In my considered view the protestor's claim falls squarely under Section 29of the Law of Succession Act because he is a dependant within the meaning ascribed by that Section. He was said to have been taken care by the deceased right from when he was born and brought up by the deceased as his own child. Section 29 (b) provides that children whom the deceased had taken into his family as his own and being maintained by the deceased immediately prior to his death should be considered as dependants.

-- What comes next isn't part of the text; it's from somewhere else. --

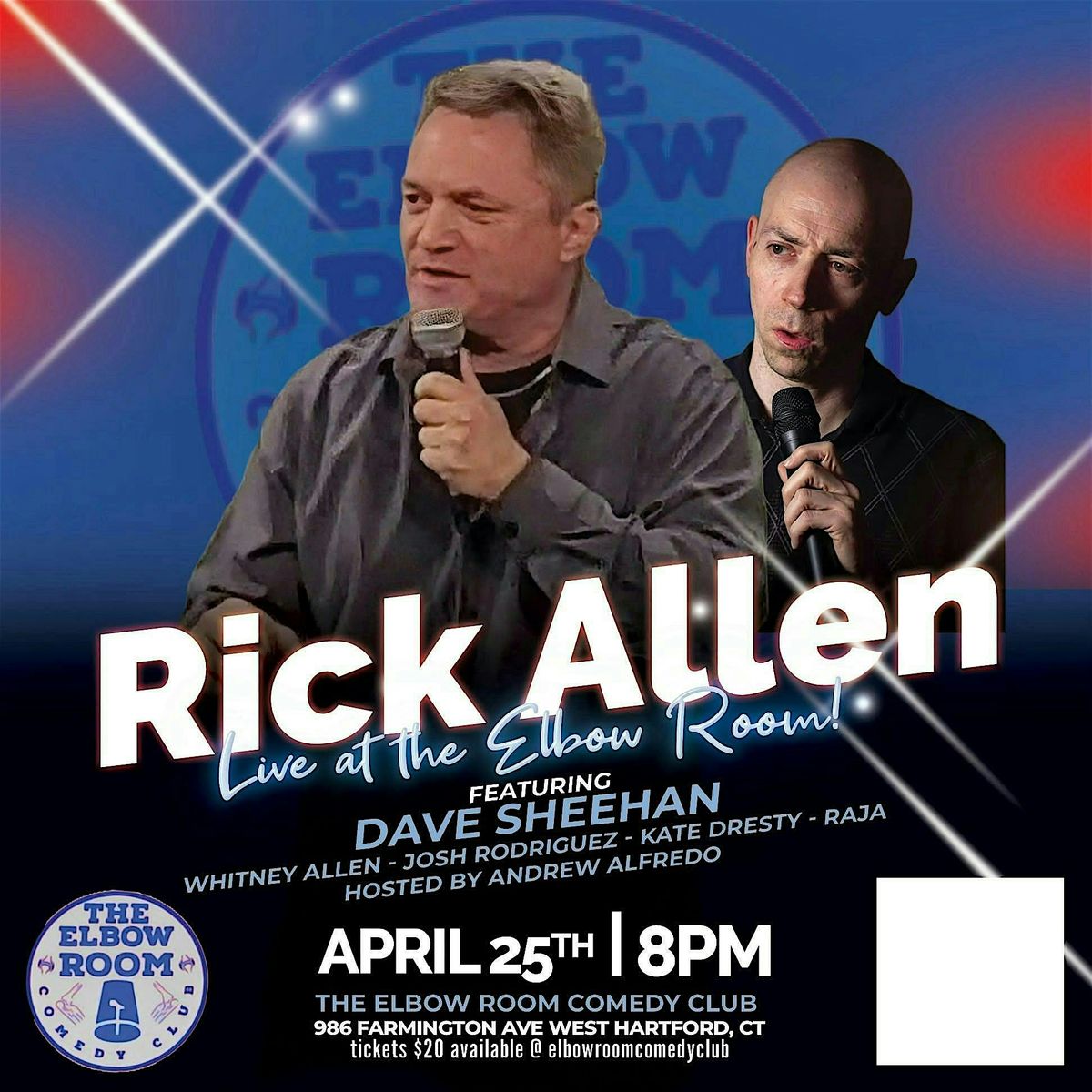 Your headliner is Rick Allen! He's been performing stand-up comedy throughout the country for over 15 years, with performances at venues like the Borgata in Atlantic City and the Mohegan Sun Casino in Connecticut. He's described as a "true professional." His comedy is described as relatable with a New York attitude. He also incorporates observational comedy and audience interaction into his act.
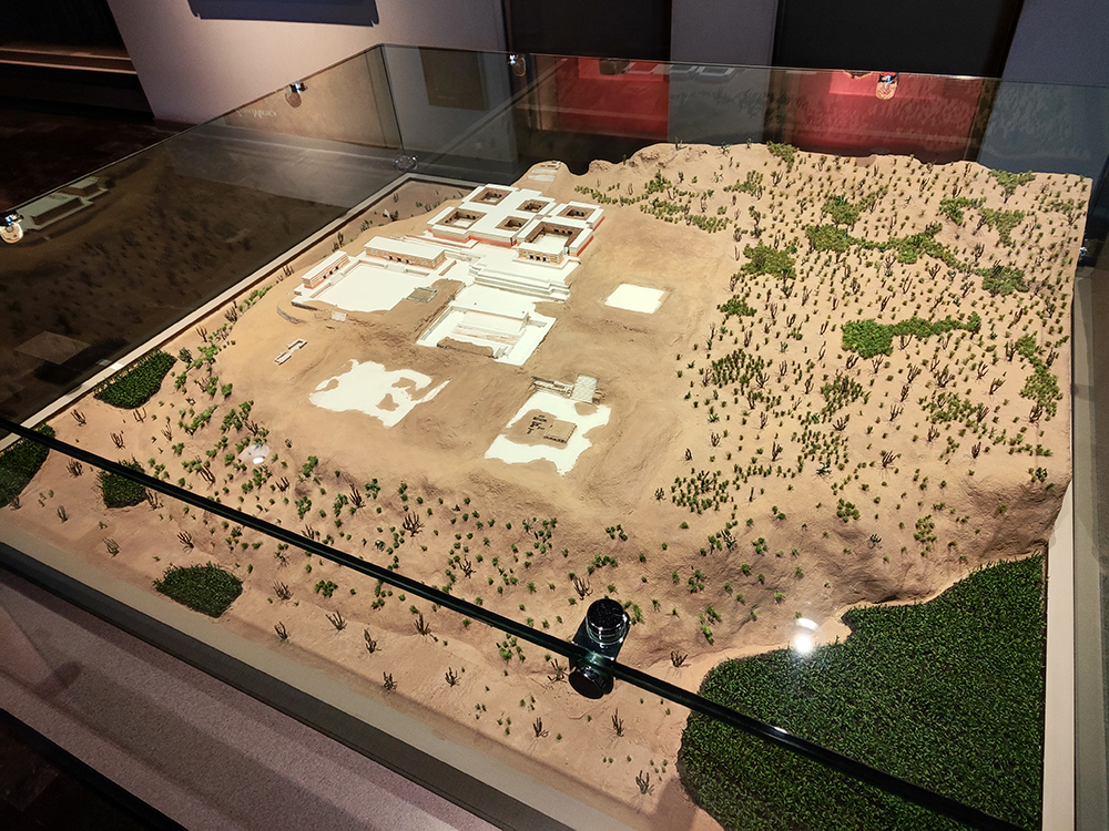 Детальная масштабная модель древнего города с центральным архитектурным комплексом, состоящим из нескольких платформ, пирамид и прямоугольных сооружений, характерных для мексиканской доколумбовой архитектуры. Вокруг комплекса — обширная территория с имитацией пустынного ландшафта, редкими кустами, кактусами и небольшими зелёными участками, обозначающими оазисы или возделываемые поля. Модель передаёт планировку крупного церемониального и жилого центра в окружении природной среды.

This court finds that the protestor herein was a dependant to the deceased and deserves to be treated as such in the distribution of the estate.
15. The upshot of this is that the grant issued by this court on 9th May, 2016 is hereby confirmed.
The distribution of the estate of a deceased person who has left no spouse is provided under Section 38 of the Law of Succession Act. The property forming the estate should be distributed equally among the surviving children of the deceased.Both counsels in this cause are in agreement that the surviving children are Nahason Mbugua , Susan Chuka and Ashford Miriti. In addition to these children, this court finds that the protestor should also be considered as a child because the deceased not only recognized him as such but the law as I have observed treats him as a "dependant" of the deceased. The parties including Nahason Mbugua further agree that, Nahason Mbugua benefitted from a gift intervivos from his late father in form of parcel No.MWIMBI/N.MUGUMANGO/51. Having benefitted from a previous gift, Section 42 of theLaw of Succession Act provides that such a gift should be taken into consideration when distributing the estate of a deceased person perhaps that is the reason why Nahason Mbugua infact is not claiming any share from the estate herein. This court finds that the estate comprised in MWIMBI/N.MUGUMANGO/18 herein should and is hereby distributed equally among the following:-
(i) Ashford Miriti
(ii) Susan Chuka Geoffrey &
(v) Nyaga Daniel
This being a family matter I make no order as to costs.
Dated and delivered at Chuka this 30th day of October, 2017.
R.K. LIMO
JUDGE
30/10/2017
Judgment signed, dated and delivered in the open court in presence of Mugo Advocate for Daniel Nyaga (also present ) the objector, and Murithi holding brief for Ntarangwi for Ashford Mwiti the Petitioner.